• [Task description]: All pictures must be left out as you transcribe the lines from the first line of the data to the line containing "Stoere sandaal van", both included.
Provided data: Begin
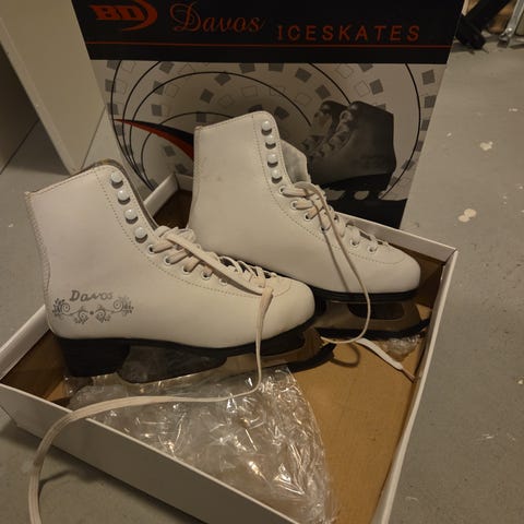 Davos FS-41 skøyter for barn i størrelse 35. Skøytene er hvite med snøring og har et tradisjonelt design for skating.
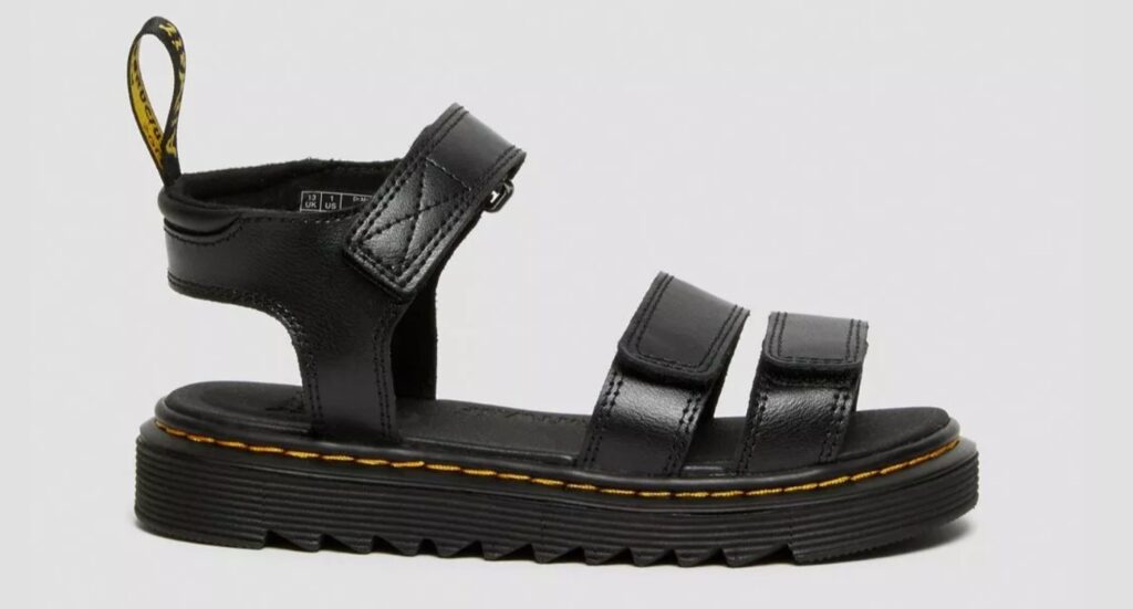 Stoere sandaal van Dr. Martens, gemaakt van gecoat leer. Door verstelbaar klittenband op de voorkant en zijkant van de schoen zijn ze makkelijk aan en uit te trekken. € 70,00 bij Dr. Martens
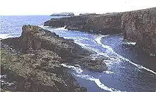 In 1953 the spectacular headland, 'Da Horn o Papa' fell into the sea during a storm. The nearby islet of Brei Holm also has caves that can be accessed by small boats when conditions permit.[8][10][19]
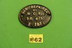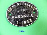 - 11004 Wagon plate 1 1953 – Gen Repair – oval – 5″x 4″ L and NE Ranskill C19
Provided data: End
• [Reply to the exercise]:
 Davos FS-41 skøyter for barn i størrelse 35. Skøytene er hvite med snøring og har et tradisjonelt design for skating.
 Stoere sandaal van Dr. Martens, gemaakt van gecoat leer. Door verstelbaar klittenband op de voorkant en zijkant van de schoen zijn ze makkelijk aan en uit te trekken. € 70,00 bij Dr. Martens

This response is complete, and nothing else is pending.